— Work order —
Without including any images, repeat the data exactly.

— Given data —
================================

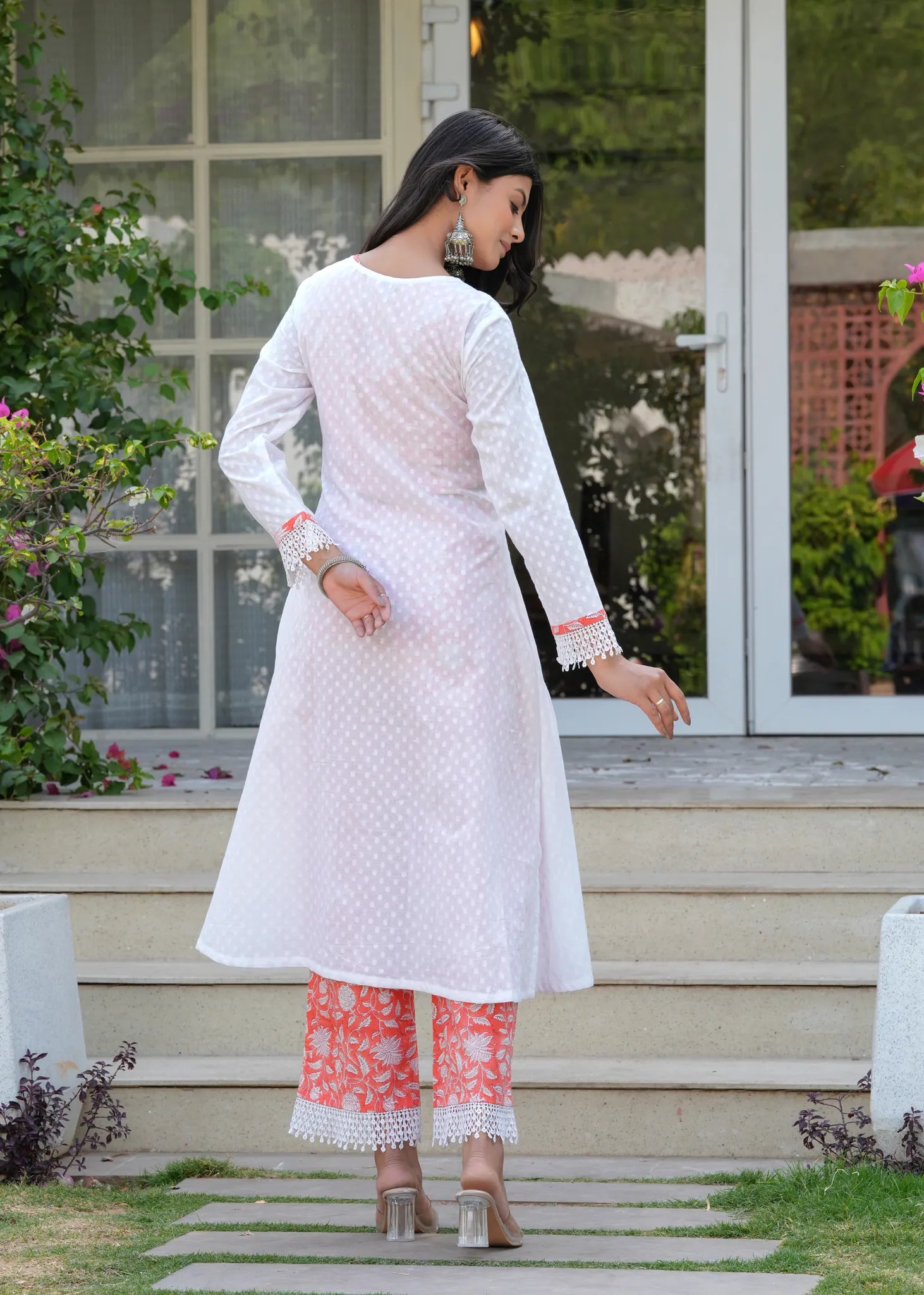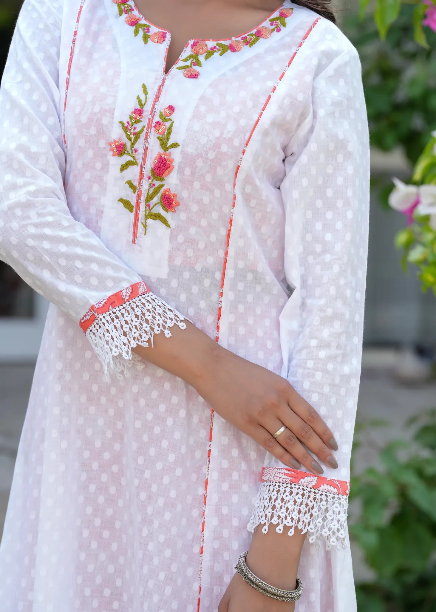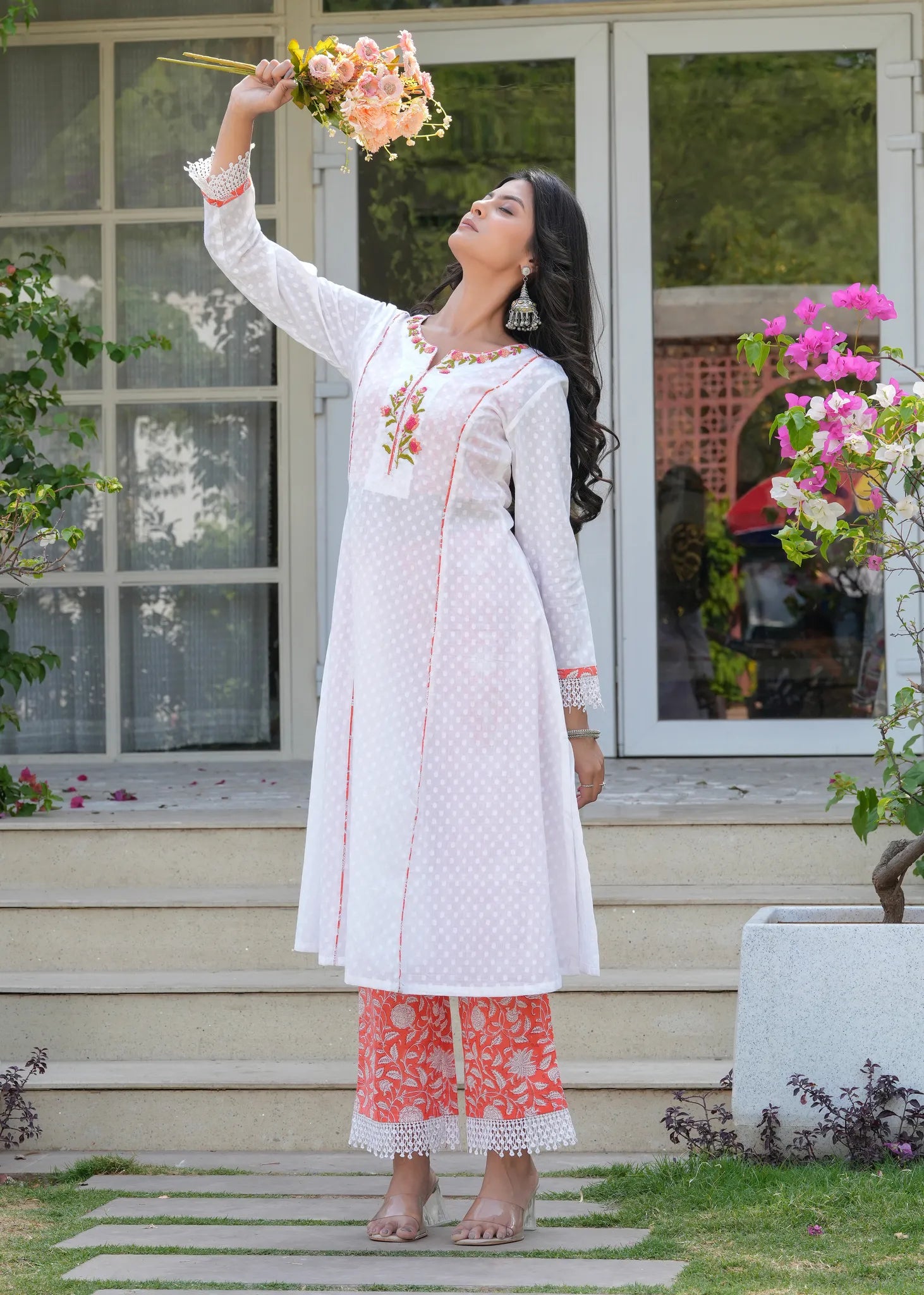 Manchali Heer Floral Hand Work Nazma A-Line Kurta Set - Elevate your ethnic wardrobe with the Manchali Heer Nazma Kurta Set — a graceful fusion of tradition and charm. This A-line paneled kurta, crafted in soft cotton dobby, features a round neckline adorned with delicate anchor floral handwork and shimmering sequin accents. Paired beautifully with a printed block crop top and matching palazzo pants, both designed in breathable cotton, the ensemble is finished with elegant crochet lace detailing on the sleeves and palazzo hem. A perfect blend of artisanal beauty and contemporary flair.
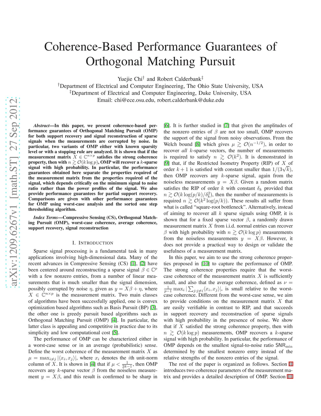Coherence-Based Performance Guarantees of Orthogonal Matching Pursuit
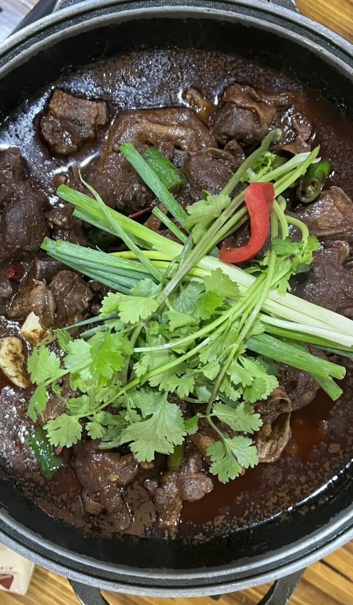 “血浆”是这道菜的灵魂所在,鸭肉爆炒后,倒入新鲜的鸭血搅拌均匀,血浆包裹着鸭肉,鲜嫩多汁,汤汁浓郁不油腻。

================================

— Answer area —
 Manchali Heer Floral Hand Work Nazma A-Line Kurta Set - Elevate your ethnic wardrobe with the Manchali Heer Nazma Kurta Set — a graceful fusion of tradition and charm. This A-line paneled kurta, crafted in soft cotton dobby, features a round neckline adorned with delicate anchor floral handwork and shimmering sequin accents. Paired beautifully with a printed block crop top and matching palazzo pants, both designed in breathable cotton, the ensemble is finished with elegant crochet lace detailing on the sleeves and palazzo hem. A perfect blend of artisanal beauty and contemporary flair.
Coherence-Based Performance Guarantees of Orthogonal Matching Pursuit
 “血浆”是这道菜的灵魂所在,鸭肉爆炒后,倒入新鲜的鸭血搅拌均匀,血浆包裹着鸭肉,鲜嫩多汁,汤汁浓郁不油腻。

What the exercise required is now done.